SC: Maybe practice a bit more?
KF: Yeah. We’ve always been really serious about rehearsing; you know regular rehearsals and not fooling around. I suppose having Henry there was a good influence, because when you’re 14 you don’t really want to be too focused.

SC: Was Henry always looking over you guys?
KF: Yeah, not really. From the beginning he never wanted to feel like anything else other than a member of the band. He didn’t want to be an adult figure. He didn’t want to seem like Blaine’s dad. He just wanted to feel like the guitarist in the band. I think if he didn’t take that approach we wouldn’t have enjoyed that. You know, when you’re hitting puberty the obvious thing is to not be around your parents. If we felt in anyway that he was there like a responsible adult role, you know it wouldn’t have worked out. But he was there as a musician. He could have been 50 or 15.

SC: Do you feel that MySpace is a necessary with keeping in touch with your fans?
KF: Now yes! It’s huge. We’ve been really bad recently with our blog. (The band has a blog at behindthebunhouse.blogspot.com) You saying that, reminds me that we should update our blog. Everyone from the age of 10 and 60 are on the Internet. Finding new music everyday. We’re always finding new tracks, because we DJ in the U.K. You know finding new remixes. It’s just a great tool. In the U.S. you’ve got some amazing blogs. I guess it all started in the U.S. right?

SC: Yeah, I guess it has to do with wanting people to pay attention to you.
KF: And keeping this kind of diary. It’s a great little idea, it’s become really important.
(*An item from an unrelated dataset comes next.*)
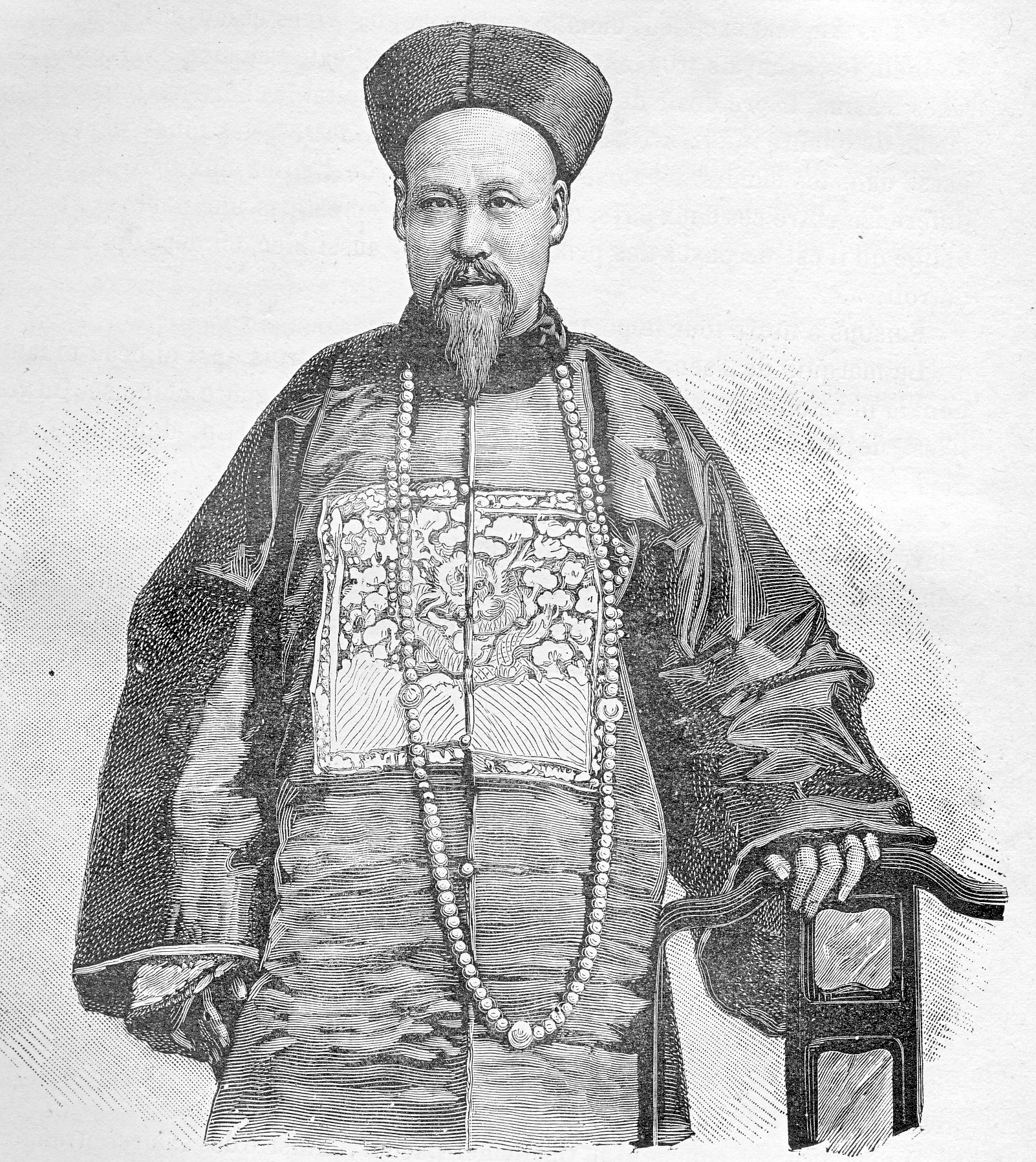 Portrait of Marquis Zeng Jize

I think what we do is try to keep the MySpace really exciting with new photos and changing the music. We’ve been a bit slackened lately.
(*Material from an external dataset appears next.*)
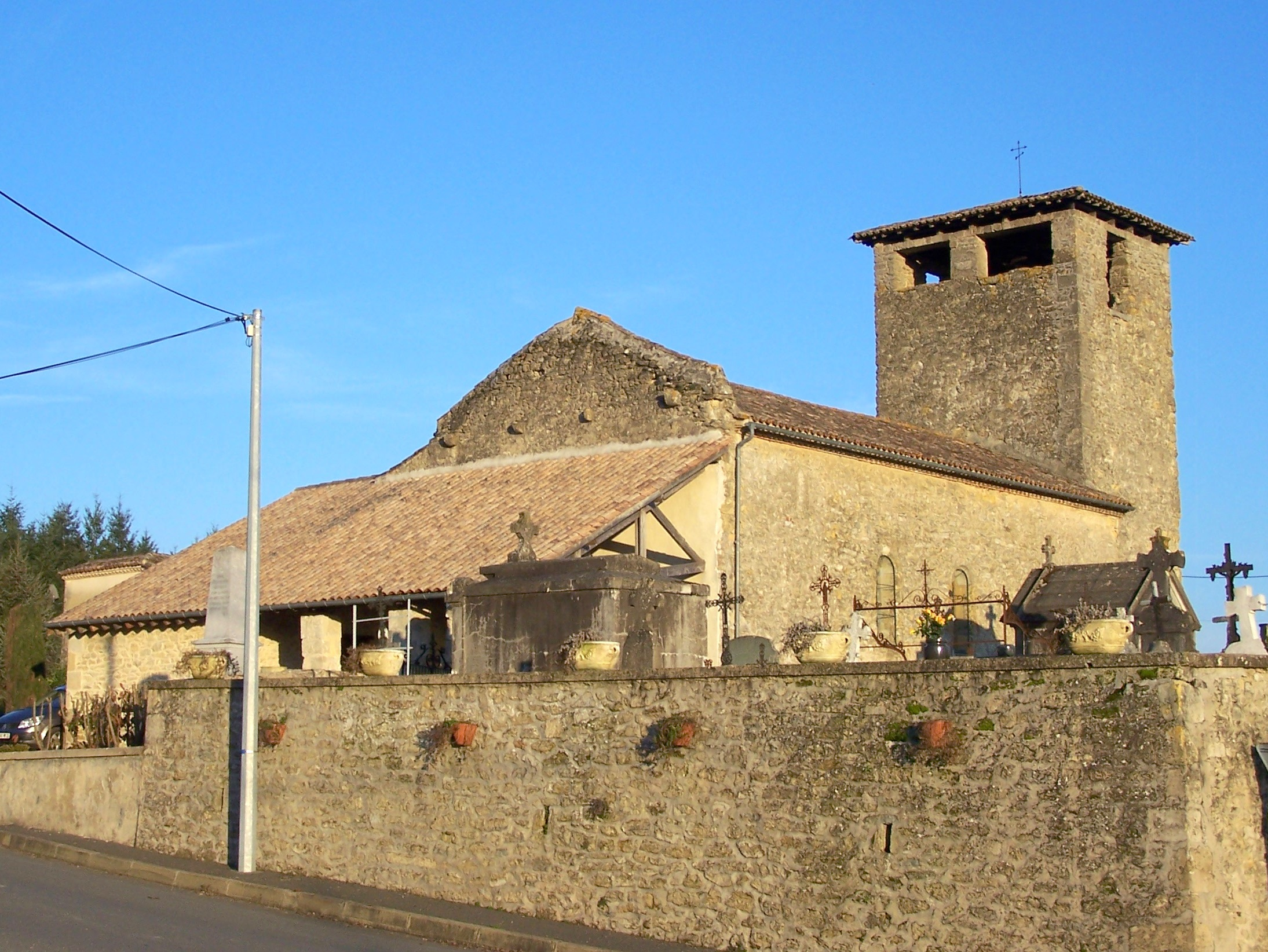 Church of Les Esseintes (Gironde, France)

SC: Nobody can blame you, cause you’ve been working. On to personal questions! What are your reading habits like?
KF: I love reading, but unless I’ve got a book, and I find it difficult to go out and get one. It’s funny that you say that, because about five months ago a friend of mine, she’s a really big reader, and I told her, “Lets start a book club, where we give each other books.” So every couple of weeks, I’ve been getting new books and it’s absolutely great. I’ve been tearing through them.

SC: It’s food for the brain!
KF: It is! We’ll write lyrics and that’s where you get the inspiration. You’ll read an amazing metaphor and interpret it a certain way. And you’re picking up themes in books that you’ve never thought of, so I think it’s really important.

SC: How was the Doctor Filth’s final show?
KF: You know about Doctor Filth! They’re really old school friends of ours. They’re three guys. One of them I’ve done films and plays with him and he’s a really great actor. A couple of years ago, they started a band together. The guitarist is the cousin of a guy named Anno (Birkin) in another band called KJD (Kicks Joy Darkness) and they were killed in a tragic car crash. And this band KJD was really interesting. I don’t know how to describe them. A little post-rocky, a little bit post punk.

I’m getting a bit heavy as well. Well, [Dr. Filth] started their thing by dressing up in lab coats. They did it great. One of the guys was a fantastic performer, you just can’t keep your eyes off of him. They started it off as a joke, but it started to get really interesting. But what they were playing was so different to everything else out there. So they just called it a day. Maybe they’ll have a reunion show.

SC: Getting older and becoming more adult, would you want to become a cowboy, a gypsy or an astronaut?
KF: It would definitely be between the cowboy and the gypsy. I’ve got this really romantic idea from “The Wind and the Willows,” where they get on the barge and get towed away by the horses. I’ve got that idea in my head.

And so Kai Fish soared away on a “Horse–Drawn Cart” letting me know that the band will be stateside at the end of the year. The Mystery Jets are going to headlining some shows in Victoria Park sometime in August, which is a big difference from their first shows in a green somewhere in London.